## [Input material]
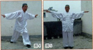 头领身以身带步,以身催手,双手在先在面向内划园圈,随向左右两边划立园罔展开如同凤凰展翅一合一展的劲意,故此把称凤凰展翅。
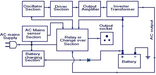 خروجی AC: جریان متناوب نهایی با ولتاژ و فرکانس مورد نظر (مانند 220 ولت AC) به بار (load) مانند لامپ یا موتور تحویل داده میشود. مدارهای حفاظتی نیز برای جلوگیری از اضافهبار یا اتصال کوتاه تعبیه شدهاند.
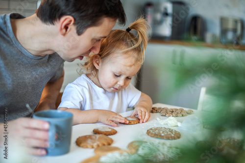 Dad and daughter decorate Christmas gingerbread at home. A boy and a girl paint with cornets with sugar icing on cookies. New Year's decor, branches of a Christmas tree.
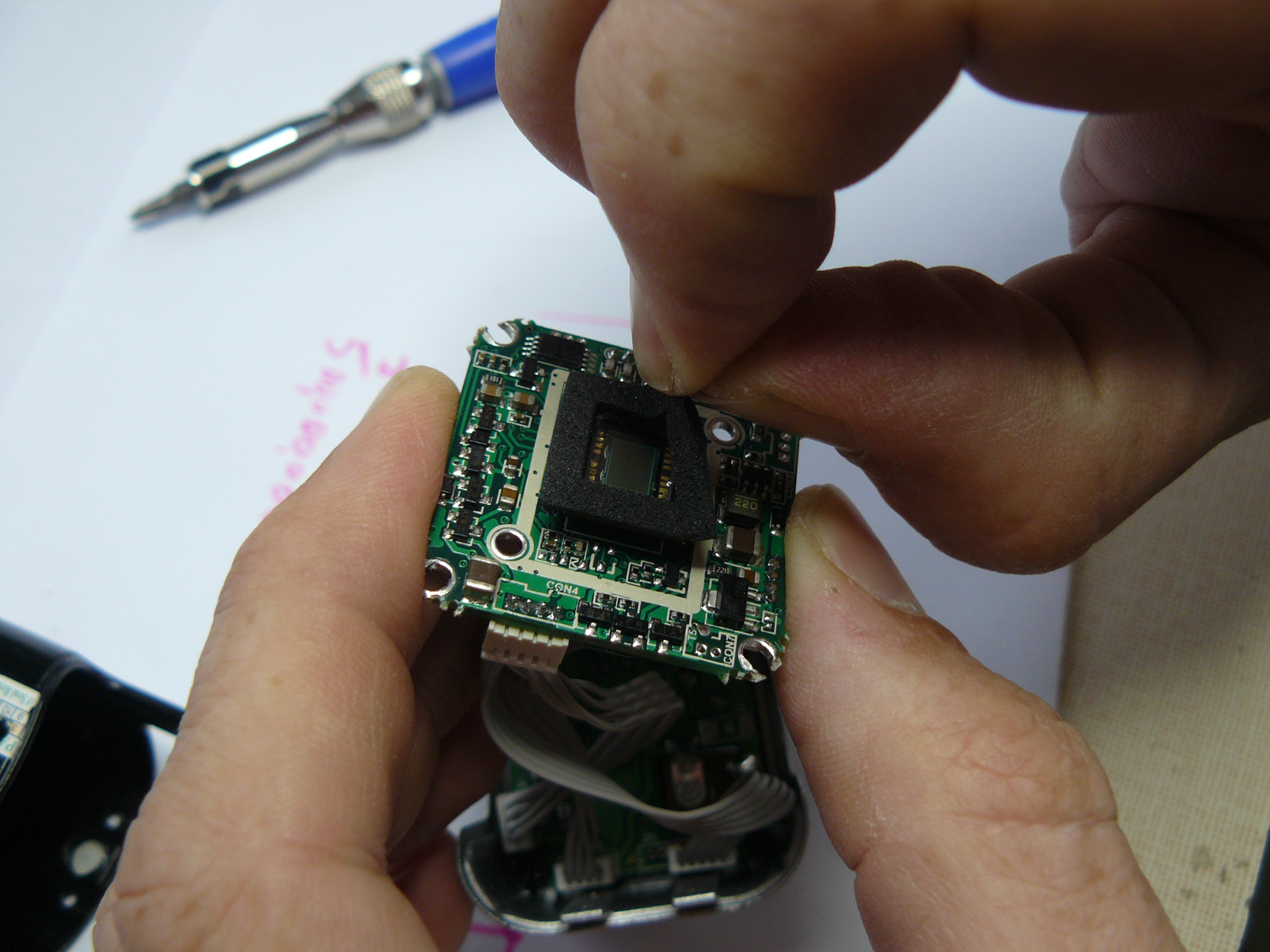 Na zadní straně kamery je věčně svítící červená LED, která by ve tmě mohla způsoboval odlesky od předního skla krytu. Je proto lepší jí odpojit ihned během vyndavání IR filtru.
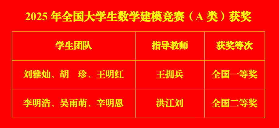 近日,由教育部高教司和中国工业与应用数学学会举办的全国大学生数学建模竞赛(A类)成绩揭晓。数理学院教师王拥兵指导的学生团队荣获全国一等奖,教师洪江刘指导的学生团队荣获全国二等奖。
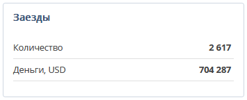 Показывает общее количество заездов за все время и их общую стоимость .
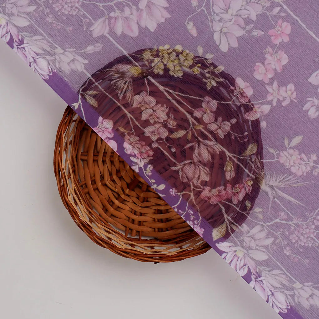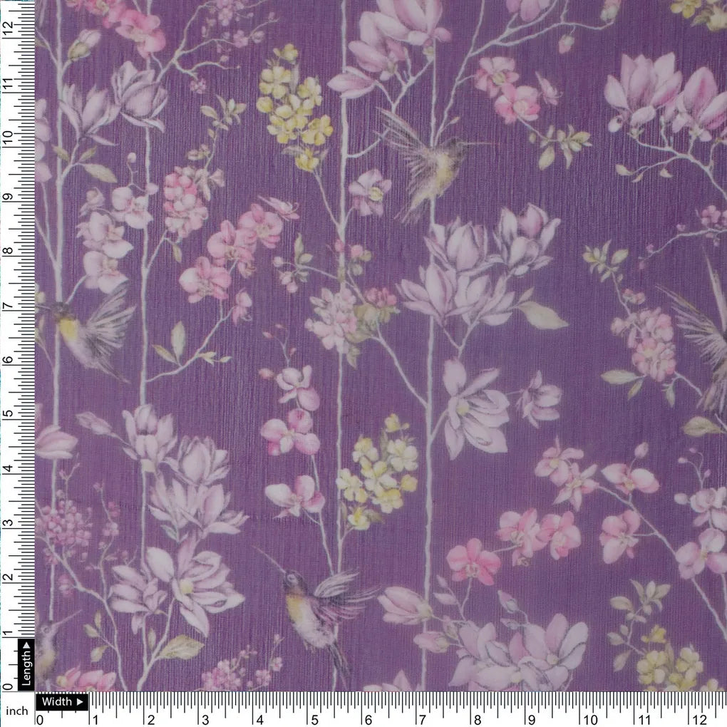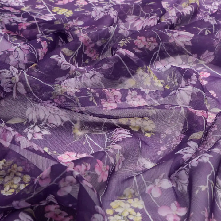 FAB VOGUE Studio Purple Floral Chiffon Fabric - Digital Printed Polyester
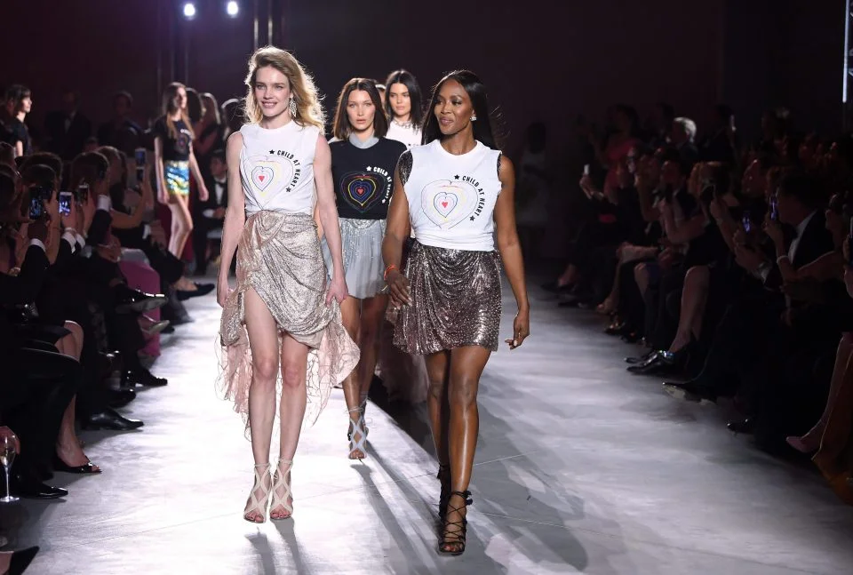 Veteran models from Heidi Klum to Kate Moss strutted the runway in clothing designed by fashion houses. Some of the items had even donated by designers.
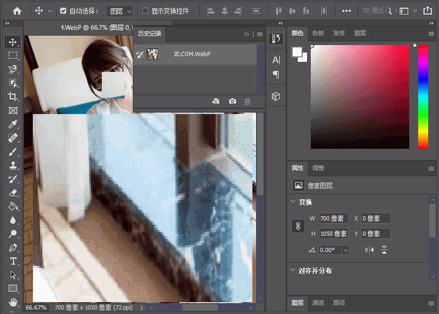 安装完毕后,重新打开Photoshop就可以编辑编辑与导出保存WebP图片了。

## [Task prompt]
Retype only the lines above from the one with "خروجی AC: جریان" through the one with "Dad and daughter", exactly and with both ends. Images stay out.

## [Worked solution]
 خروجی AC: جریان متناوب نهایی با ولتاژ و فرکانس مورد نظر (مانند 220 ولت AC) به بار (load) مانند لامپ یا موتور تحویل داده میشود. مدارهای حفاظتی نیز برای جلوگیری از اضافهبار یا اتصال کوتاه تعبیه شدهاند.
 Dad and daughter decorate Christmas gingerbread at home. A boy and a girl paint with cornets with sugar icing on cookies. New Year's decor, branches of a Christmas tree.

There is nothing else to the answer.